Provided entries:
--------------------------------
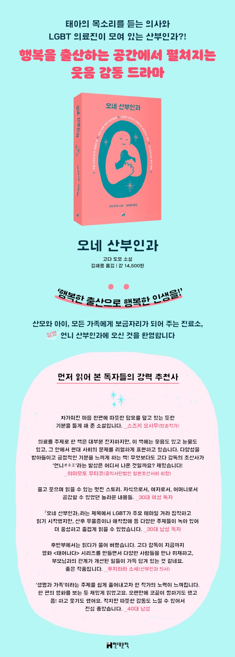 태아의 목소리를 들을 수 있는 특수한 능력을 가진 산부인과 의사가 다양한 젠더의 의료종사자들이 모인 클리닉에서 겪는 웃음과 감동의 이야기 『오네 산부인과』가 현대문학에서 번역 출간되었다. 다큐멘터리 영화 감독인 저자 고다 도모는 그간 〈태어나다〉 시리즈를 통해 출산과 육아, 가족 간의 사랑, 다양한 형태의 가정과 그 희로애락의 순간들을 영상으로 포착해 왔는데, 자신의 첫 소설에 이 경험을 녹여 ‘생명과 가족’이라는 주제를 따뜻하고 유쾌한 필치로 그려 냈다.
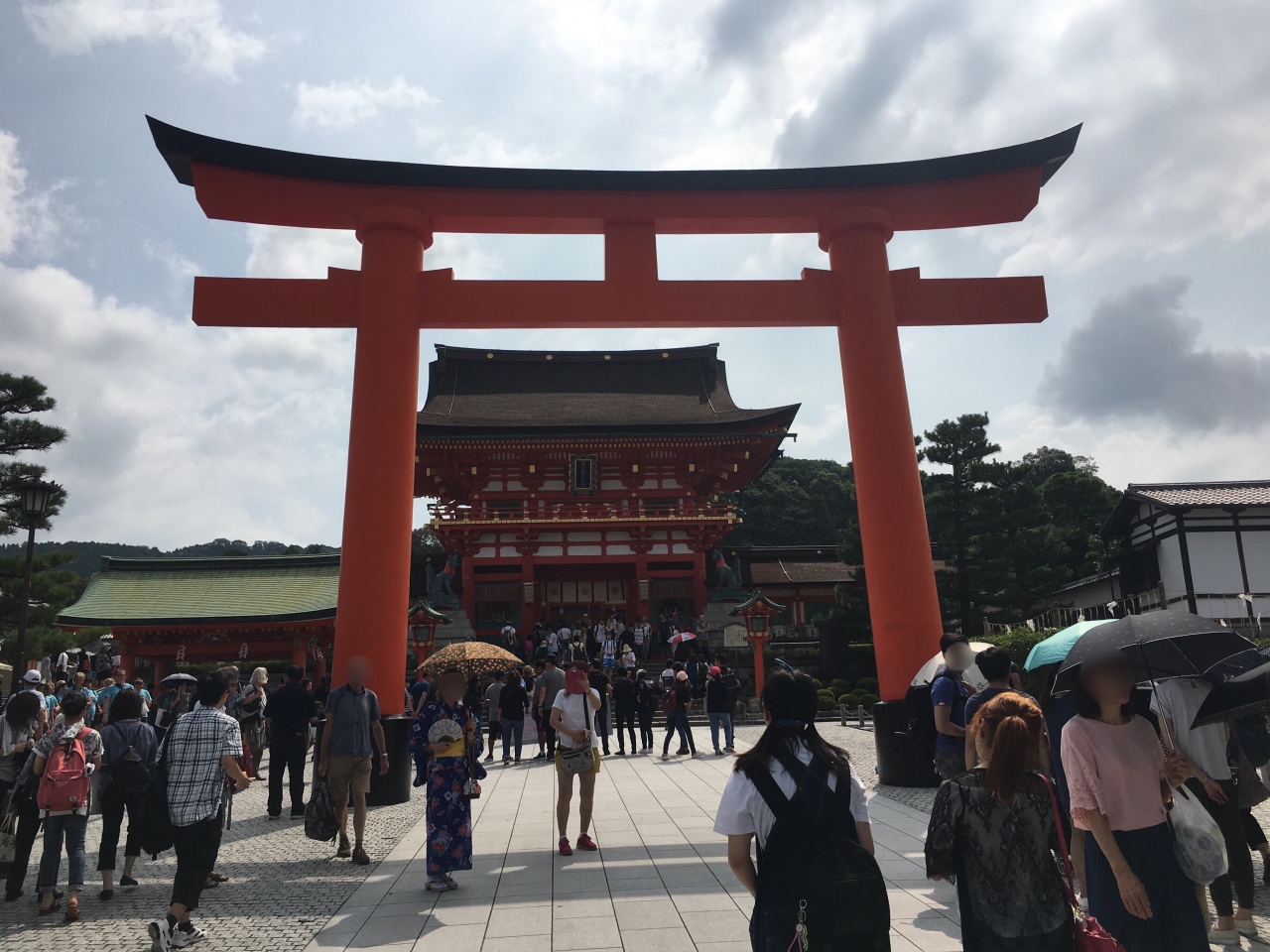 稲荷駅から参道へ行くと目の前に大きな鳥居が見えてきます。その鳥居をくぐった先にあるのが楼門です。神社の楼門の規模としては最も大きいそうです。伏見稲荷大社といえば千本鳥居が有名ですが、楼門も立派で見応えがありました。外国人観光客が非常に多かったです。
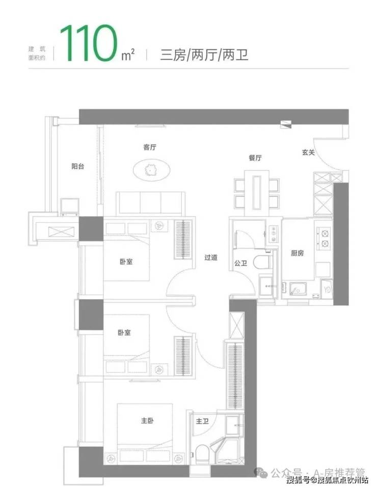 建面约110m²三房两厅两卫
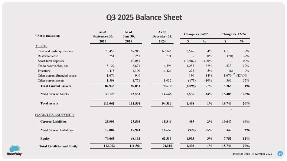 Q3 2025 Balance Sheet Change vs. 06/25 Change vs. 12/24 As of December 31, As of June 30, As of September 30, USD in thousands % $ % $ 2024 2025 2025 ASSETS 2% 1,113 4% 2,546 69,345 67,912 70,458 Cash and cash equivalents - 7% (20) 0% - 271 251 251 Restricted cash 100% - - 100% (10,087) - 10,087 - Short - term deposits 12% 533 32% 1,258 4,596 3,871 5,129 Trade receivables, net 0% (8) 5% 228 4,426 4,190 4,418 Inventory #DIV/0! 1,079 14% 130 - 949 1,079 Other current financial assets 55% 566 - 10% (173) 1,032 1,771 1,598 Other current assets 4% 3,263 - 7% (6,098) 79,670 89,031 82,933 Total Current Assets 106% 15,483 34% 7,596 14,646 22,533 30,129 Non - Current Assets 20% 18,746 1% 1,498 94,316 111,564 113,062 Total Assets - - LIABILITIES AND EQUITY 69% 10,647 2% 485 15,346 25,508 25,993 Current Liabilities 2% 347 - 5% (920) 16,657 17,924 17,004 Non - Current Liabilities 12% 7,752 3% 1,933 62,313 68,132 70,065 Equity 20% 18,746 1% 1,498 94,316 111,564 113,062 Total Liabilities and Equity Investor Deck | November 2025 34
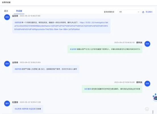 提供實時的交流協(xié)作線上平臺,應(yīng)急事件發(fā)生時一鍵拉起協(xié)同應(yīng)急作戰(zhàn)室,三線安全運營專家快速接入平臺,實現(xiàn)安全事件快速響應(yīng)、高效協(xié)同,同時一鍵生成事件處置報告,方便事后回溯、分析、橫展等工作的開展。
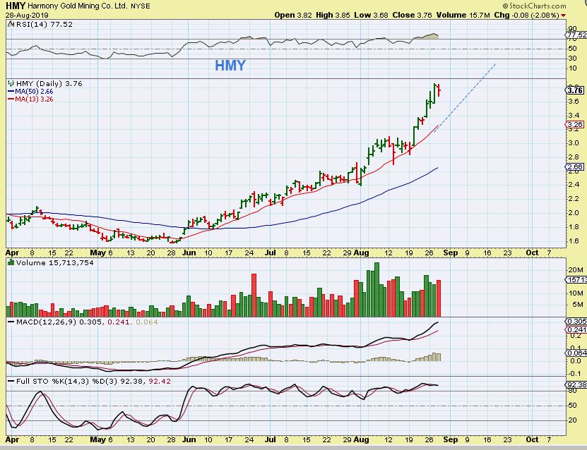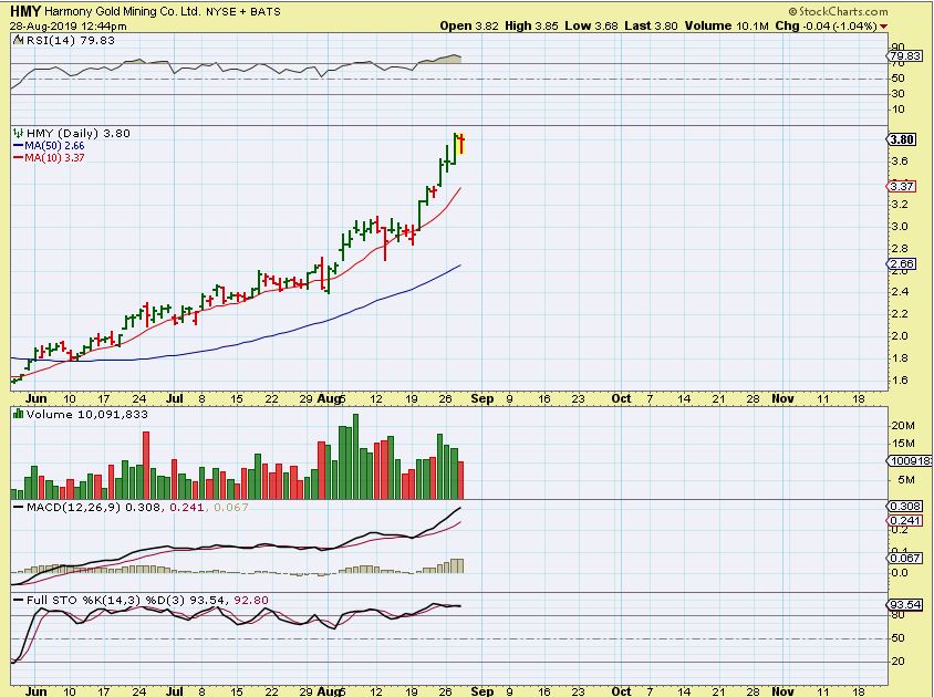 HMY #1 – This is a steep run, and it could be due for a pull back. Can it keep running higher too?…
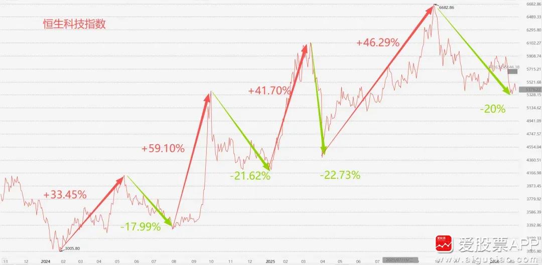 但港股弹性非常大,经常孕育巨大的机会。2024年以来,港股有4次20%左右“技术性熊市”的回撤,但随后的暴力反弹,涨幅在40%~60%,非常的猛!所以对港股真的不需要太悲观。
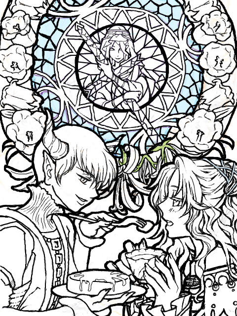そして、2人の表情にとてもとても惹き付けられました…!個人的に、私が今回の合作で伝えたいなぁと思っていたもの…「穏やか」「優しさ」「慈愛」といった情感でして、nishihoさんが描いて下さった2人の表情はまさにそれを汲み取って下さったかのようで、かつさらに深く暖かな世界に感嘆するばかりです/////////
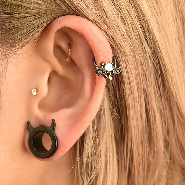 ・※少し色剥げや傷がある為、販売価格の半額にて販売です。訳ありの為、返品交換不可です。デビルの耳がアクセントになって可愛いくブラックピアスなのでかっこいいです。※耳の装着画像ピアスは14mmです参考にして下さい。
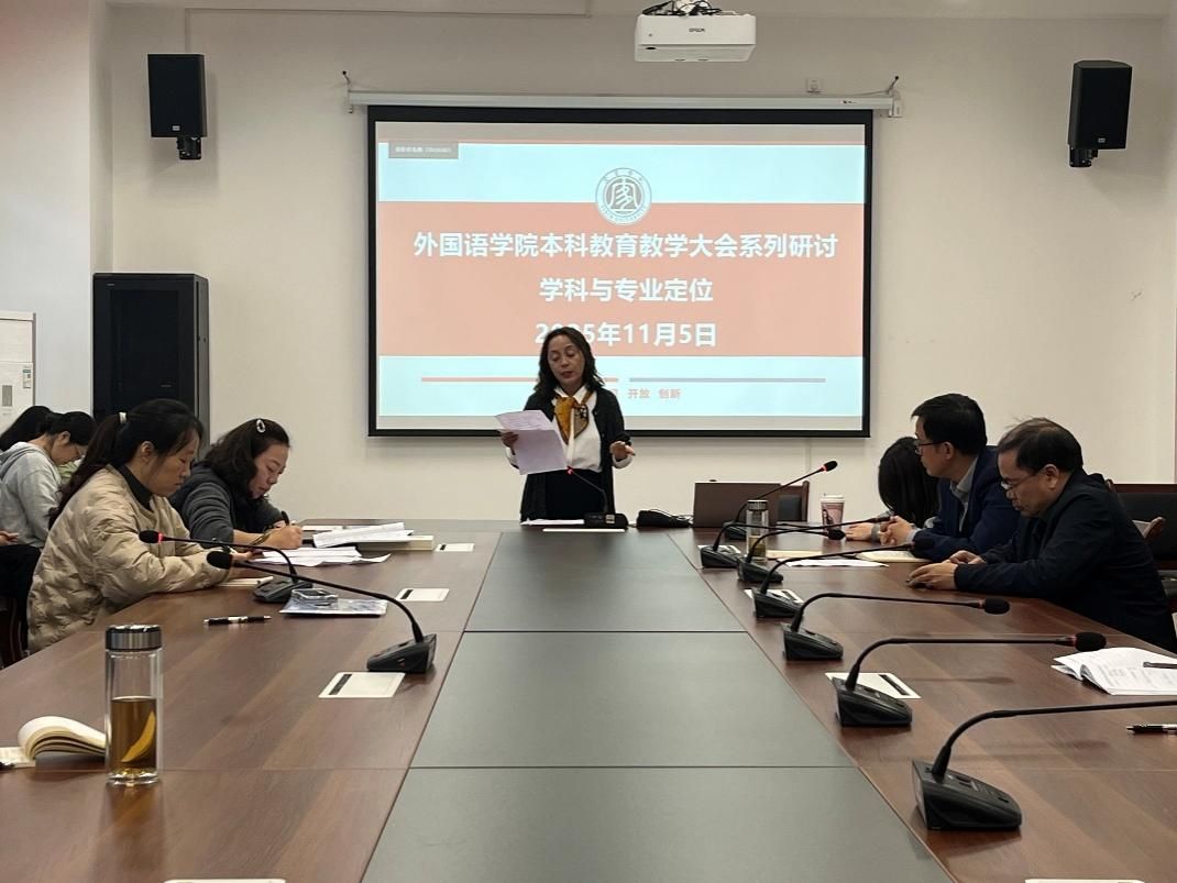 外国语学院围绕“学科与专业定位”重点专题研讨,聚焦本科人才培养的核心要素与关键环节,进行深入研讨。会议通报了各专业取得的3项阶段性成果,各专业明确了后续的建设重点。
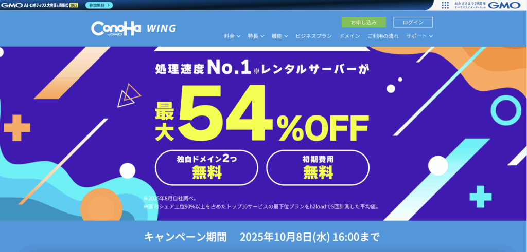 【9月最新】ConoHa WING期間限定キャンペーン10/8 16時まで!評判・口コミを独自調査
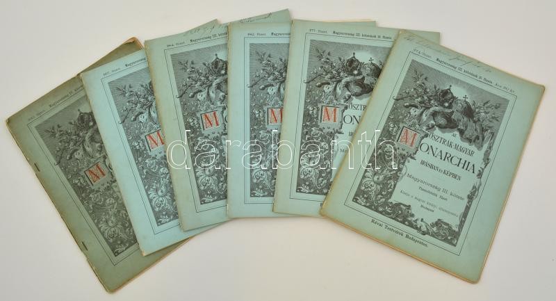 Az Osztrák-Magyar Monarchia írásban és képben. Magyarország III. kötetének 15., 16., 17., 18., 19., illetve IV. kötetének 1. füzete. Kiadói papírkötésben, példányonként változó állapotban.
--------------------------------
Print exactly the lines from the line with "但港股弹性非常大,经常孕育巨" through the end of the data, both ends included, and print no pictures.

 但港股弹性非常大,经常孕育巨大的机会。2024年以来,港股有4次20%左右“技术性熊市”的回撤,但随后的暴力反弹,涨幅在40%~60%,非常的猛!所以对港股真的不需要太悲观。
そして、2人の表情にとてもとても惹き付けられました…!個人的に、私が今回の合作で伝えたいなぁと思っていたもの…「穏やか」「優しさ」「慈愛」といった情感でして、nishihoさんが描いて下さった2人の表情はまさにそれを汲み取って下さったかのようで、かつさらに深く暖かな世界に感嘆するばかりです/////////
 ・※少し色剥げや傷がある為、販売価格の半額にて販売です。訳ありの為、返品交換不可です。デビルの耳がアクセントになって可愛いくブラックピアスなのでかっこいいです。※耳の装着画像ピアスは14mmです参考にして下さい。
 外国语学院围绕“学科与专业定位”重点专题研讨,聚焦本科人才培养的核心要素与关键环节,进行深入研讨。会议通报了各专业取得的3项阶段性成果,各专业明确了后续的建设重点。
 【9月最新】ConoHa WING期間限定キャンペーン10/8 16時まで!評判・口コミを独自調査
 Az Osztrák-Magyar Monarchia írásban és képben. Magyarország III. kötetének 15., 16., 17., 18., 19., illetve IV. kötetének 1. füzete. Kiadói papírkötésben, példányonként változó állapotban.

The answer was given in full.